■ TASK PROMPT
Every entry is to be copied exactly as written, and the pictures are to be skipped.

[[ RECORDS PROVIDED, beginning ]]

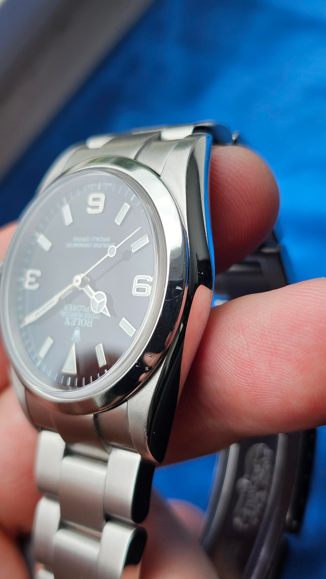 Hi again! For sale is a classic, very wearable Rolex, the 36mm Explorer I 114270 from 2003! Condition wise I would put this at 85%. The case appears unpolished and has only very light hairlines in the polished case sides and a few near invisible marks in the brushed areas. The crystal is completely clean. The most notable wear on the case is some light marks / rash on the polished bezel at 9:00 and 10:00, as well as some light marks on the top edge of the lug at 11:00. The bracelet and clasp show signs of desk diving marks but nothing egregious. All of this could be easily polished out at the next service. As it sits, it should fit roughly a 7.5” wrist – there are no additional links. Service history is unknown but it is running well within specs per my timegrapher app at 1sec/day with just a few hand winds. Watch comes as watch only in a Rolex travel pouch with timegrapher specs and a business card from the original seller (Boone Luxury). Timestamp for Reddit: [https://preview.redd.it/wts-2003-rolex-explorer-i-114270-v0-jf0atmuz22xf1.jpg?width=1080&crop=smart&auto=webp&s=c626f6c33fda6eb39227c1f2d5d787d4931c572d](https://preview.redd.it/wts-2003-rolex-explorer-i-114270-v0-jf0atmuz22xf1.jpg?width=1080&crop=smart&auto=webp&s=c626f6c33fda6eb39227c1f2d5d787d4931c572d) I am asking $5,499 including fully insured shipping in the US. Not interested in trades at this time, trade offers will be ignored. Please message me with any questions or interest and thanks for looking!
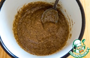 Тем временем наша основа готова. Достаем её из духовки и выкладываем на неё равномерно "ореховую пасту".
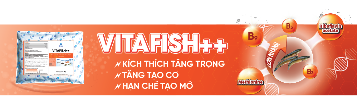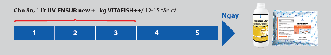 *Lưu ý:  Kích thích cá lớn nhanh, nặng cơ thịt, cho ăn 1 lít UV-ENSUR new + 1kg VITAFISH++ /10-12 tấn cá, cho ăn liên tục 5 ngày trước khi xuất bán 1 tuần.
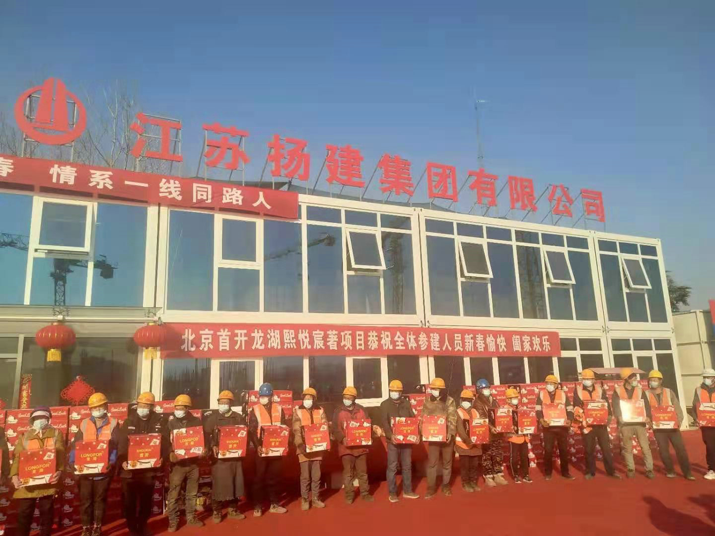 揚建網訊 2月9日上午10時許,北京熙悅宸著項目業主龍湖地產集團北京公司常務副總經理陳明偉、副總經理張長明、首開地產北京公司副總經理李捷等一行冒著嚴寒、風塵仆仆來到項目現場,親切看望和慰問就地過年的農民工和項目管理人員,向奮戰在一線的400多名揚建建設者致以誠摯問候和新春祝福,帶去了滿滿的春節“年貨”。集團北方公司總經理許世明、副總經理吳勇陪同慰問項目全體員工,并檢查項目部春節前各項工作。
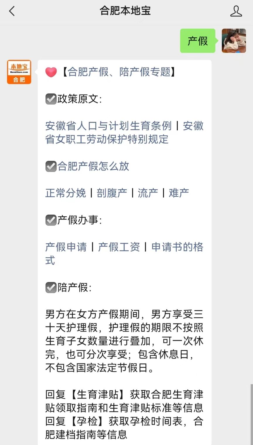 温馨提示:微信搜索公众号合肥本地宝,关注后在聊天对话框回复【产假】可获合肥产假放假安排、工资、时间,男性陪产假安排,育儿假安排以及生育津贴领取等信息。
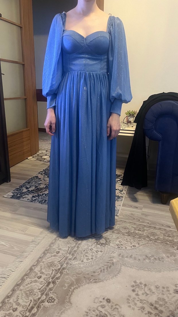 Parlak mavi renkte, tek renkli, uzun kollu ve salaş kesimli, tekne yaka bohem düğün elbisesi. 45 kiloya olur biraz üst tarafı dar bir elbise 155 boyda 45 kiloda giyildi
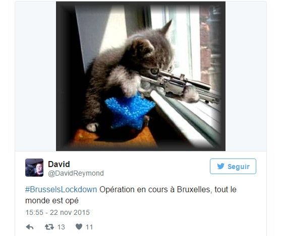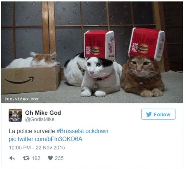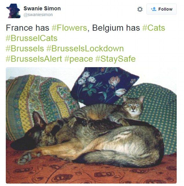 Entre los mensajes se podía leer: “Tenemos que apoyar a la Policía, (los terroristas) pueden estar leyendo esto”. También “Operación terminada, los gatos pueden volver”, “Los gatos francesas son belgas esta noche” y “No hay ni un gato por la calle, están todos en Twitter”, entre otras.

[[ RECORDS PROVIDED, end ]]

■ WRITTEN REPLY
 Hi again! For sale is a classic, very wearable Rolex, the 36mm Explorer I 114270 from 2003! Condition wise I would put this at 85%. The case appears unpolished and has only very light hairlines in the polished case sides and a few near invisible marks in the brushed areas. The crystal is completely clean. The most notable wear on the case is some light marks / rash on the polished bezel at 9:00 and 10:00, as well as some light marks on the top edge of the lug at 11:00. The bracelet and clasp show signs of desk diving marks but nothing egregious. All of this could be easily polished out at the next service. As it sits, it should fit roughly a 7.5” wrist – there are no additional links. Service history is unknown but it is running well within specs per my timegrapher app at 1sec/day with just a few hand winds. Watch comes as watch only in a Rolex travel pouch with timegrapher specs and a business card from the original seller (Boone Luxury). Timestamp for Reddit: [https://preview.redd.it/wts-2003-rolex-explorer-i-114270-v0-jf0atmuz22xf1.jpg?width=1080&crop=smart&auto=webp&s=c626f6c33fda6eb39227c1f2d5d787d4931c572d](https://preview.redd.it/wts-2003-rolex-explorer-i-114270-v0-jf0atmuz22xf1.jpg?width=1080&crop=smart&auto=webp&s=c626f6c33fda6eb39227c1f2d5d787d4931c572d) I am asking $5,499 including fully insured shipping in the US. Not interested in trades at this time, trade offers will be ignored. Please message me with any questions or interest and thanks for looking!
 Тем временем наша основа готова. Достаем её из духовки и выкладываем на неё равномерно "ореховую пасту".
 *Lưu ý:  Kích thích cá lớn nhanh, nặng cơ thịt, cho ăn 1 lít UV-ENSUR new + 1kg VITAFISH++ /10-12 tấn cá, cho ăn liên tục 5 ngày trước khi xuất bán 1 tuần.
 揚建網訊 2月9日上午10時許,北京熙悅宸著項目業主龍湖地產集團北京公司常務副總經理陳明偉、副總經理張長明、首開地產北京公司副總經理李捷等一行冒著嚴寒、風塵仆仆來到項目現場,親切看望和慰問就地過年的農民工和項目管理人員,向奮戰在一線的400多名揚建建設者致以誠摯問候和新春祝福,帶去了滿滿的春節“年貨”。集團北方公司總經理許世明、副總經理吳勇陪同慰問項目全體員工,并檢查項目部春節前各項工作。
 温馨提示:微信搜索公众号合肥本地宝,关注后在聊天对话框回复【产假】可获合肥产假放假安排、工资、时间,男性陪产假安排,育儿假安排以及生育津贴领取等信息。
 Parlak mavi renkte, tek renkli, uzun kollu ve salaş kesimli, tekne yaka bohem düğün elbisesi. 45 kiloya olur biraz üst tarafı dar bir elbise 155 boyda 45 kiloda giyildi
 Entre los mensajes se podía leer: “Tenemos que apoyar a la Policía, (los terroristas) pueden estar leyendo esto”. También “Operación terminada, los gatos pueden volver”, “Los gatos francesas son belgas esta noche” y “No hay ni un gato por la calle, están todos en Twitter”, entre otras.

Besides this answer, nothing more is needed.